- _SOURCE MATERIAL_
*** Block opens ***

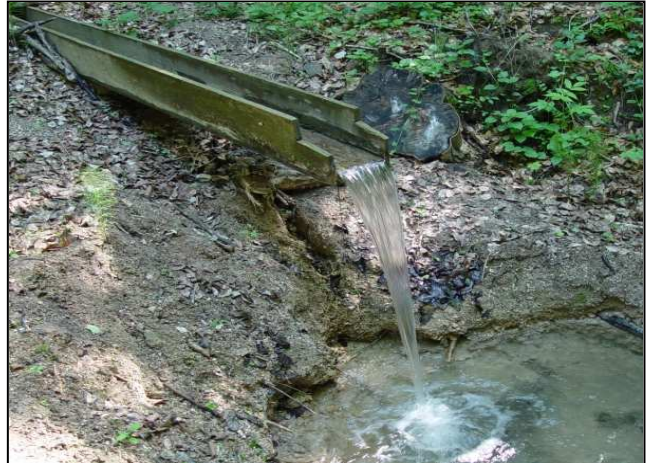
Zustand vor der Maßnahmenumsetzung: Ablagerungen im Quellbereich (links), Verbau im Quellbach (rechts)
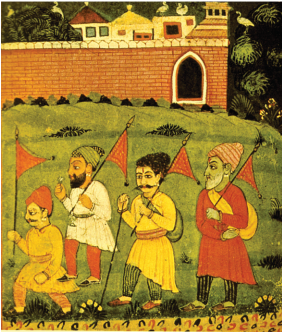
ਦੇਵੀ ਭਗਤ ਭਾਈ ਲਹਿਣਾ ਭਵਨੀ (ਵੈਸ਼ਨੋ ਦੇਵੀ) ਜਾਂਦਾ ਹੋਇਆ। (ਬੀ:40)

ਸ਼ਰਮਸਾਰ ਹੋਇਆ ਲਹਿਣਾ ਗੁਰੂ ਸਾਹਿਬ ਦੇ ਚਰਨ ਛੂਹਦਾ ਹੈ। "ਗੁਰੂ ਜੀ ਮੈਨੂੰ ਮਾਫ ਕਰ ਦੋ। ਮੈਂ ਤੁਹਾਨੂੰ ਪਛਾਣਿਆ ਨਹੀਂ ਸੀ। ਮੈਂ ਗੁਨਾਹਗਾਰ ਹਾਂ ਤੁਹਾਨੂੰ ਲੱਗਾਮ ਫੜਾਈ ਮੈਂ ਖੁੱਦ ਘੋੜੇ ਤੇ ਚੜਿਆ ਆਇਆ।" ਗੁਰੂ ਸਾਹਿਬ ਨੇ ਦਿਲਾਸਾ ਦਿੱਤਾ, "ਪੁੱਤਰਾ
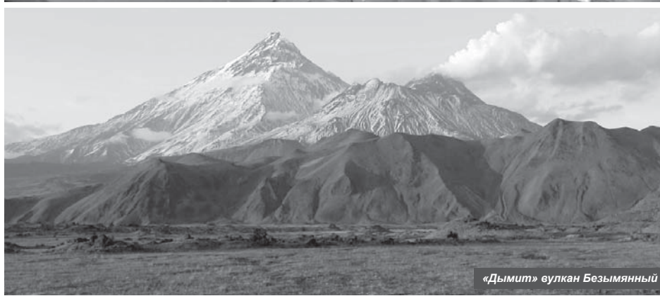
«Дымит» вулкан Безымянный

Снесена часть старых многоквартирных домов и ветхих строений. Ликвидировано девять несанкционированных свалок, в том числе в с. Майском. В Козыревске организована свалка твёрдых бытовых отходов около АЗС. На ул. Советской предприняты меры для отвода талых вод.
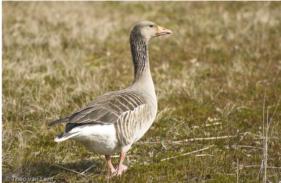
Grauwe gans.
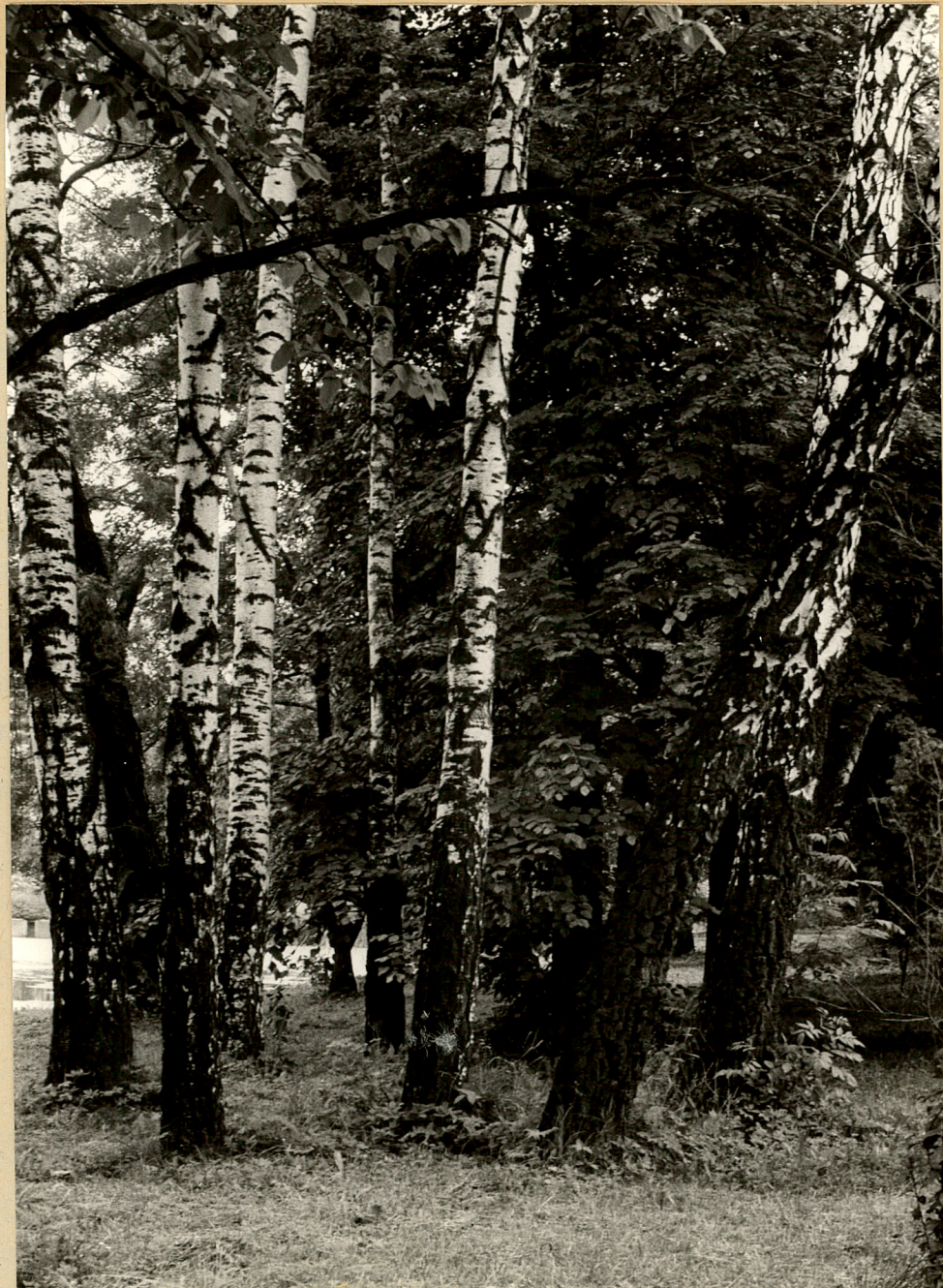
Fot. 6. Nieznanice. Altanka brzozowa. 1987
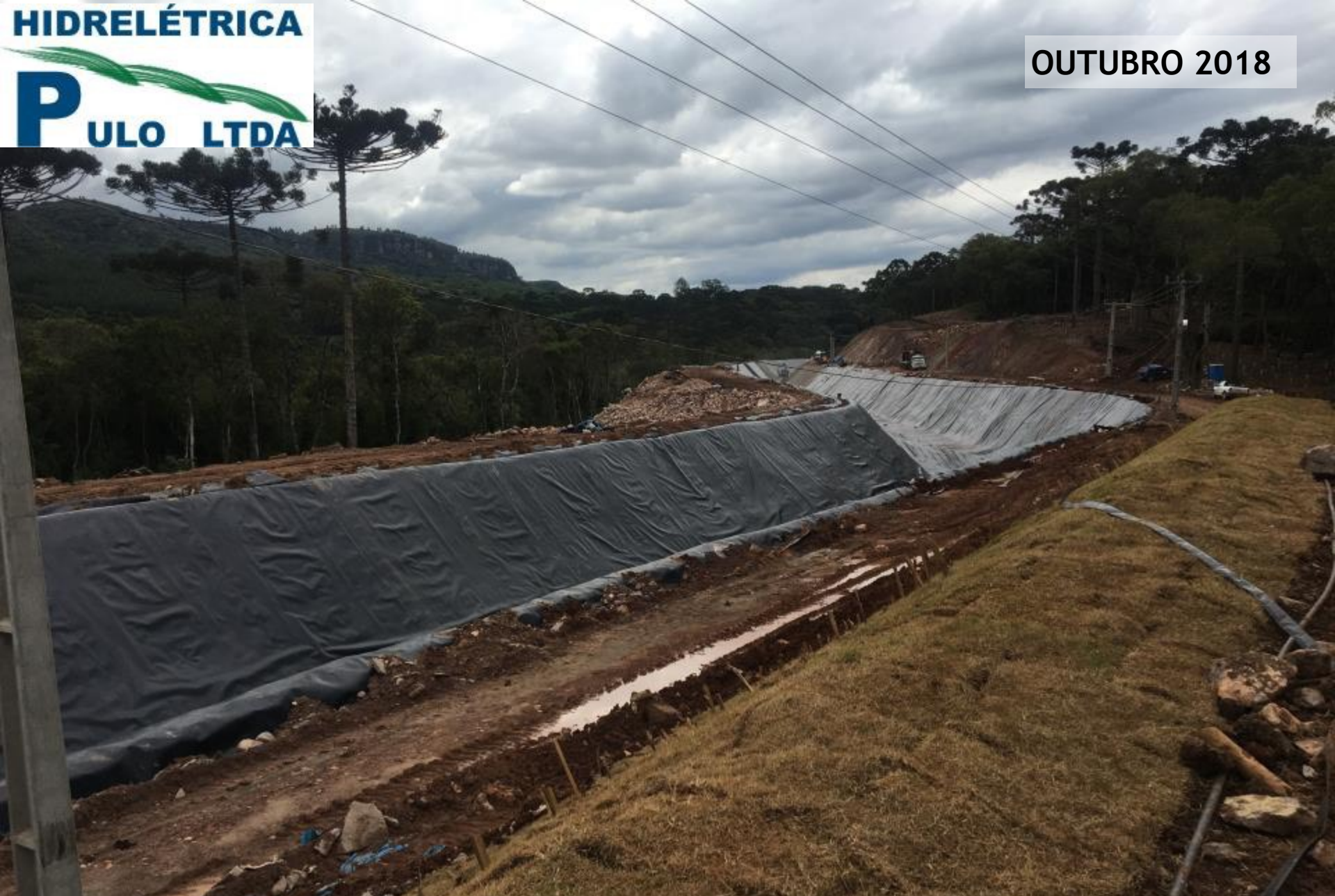
CANAL ADUTOR REVESTIMENTO E PLANTIO DE GRAMA NOS TALUDES

*** Block closes ***

- _EXERCISE AIM_
Without the pictures, write out the whole listing above exactly as it appears.

- _TASK SOLUTION_
Zustand vor der Maßnahmenumsetzung: Ablagerungen im Quellbereich (links), Verbau im Quellbach (rechts)
ਦੇਵੀ ਭਗਤ ਭਾਈ ਲਹਿਣਾ ਭਵਨੀ (ਵੈਸ਼ਨੋ ਦੇਵੀ) ਜਾਂਦਾ ਹੋਇਆ। (ਬੀ:40)

ਸ਼ਰਮਸਾਰ ਹੋਇਆ ਲਹਿਣਾ ਗੁਰੂ ਸਾਹਿਬ ਦੇ ਚਰਨ ਛੂਹਦਾ ਹੈ। "ਗੁਰੂ ਜੀ ਮੈਨੂੰ ਮਾਫ ਕਰ ਦੋ। ਮੈਂ ਤੁਹਾਨੂੰ ਪਛਾਣਿਆ ਨਹੀਂ ਸੀ। ਮੈਂ ਗੁਨਾਹਗਾਰ ਹਾਂ ਤੁਹਾਨੂੰ ਲੱਗਾਮ ਫੜਾਈ ਮੈਂ ਖੁੱਦ ਘੋੜੇ ਤੇ ਚੜਿਆ ਆਇਆ।" ਗੁਰੂ ਸਾਹਿਬ ਨੇ ਦਿਲਾਸਾ ਦਿੱਤਾ, "ਪੁੱਤਰਾ
«Дымит» вулкан Безымянный

Снесена часть старых многоквартирных домов и ветхих строений. Ликвидировано девять несанкционированных свалок, в том числе в с. Майском. В Козыревске организована свалка твёрдых бытовых отходов около АЗС. На ул. Советской предприняты меры для отвода талых вод.
Grauwe gans.
Fot. 6. Nieznanice. Altanka brzozowa. 1987
CANAL ADUTOR REVESTIMENTO E PLANTIO DE GRAMA NOS TALUDES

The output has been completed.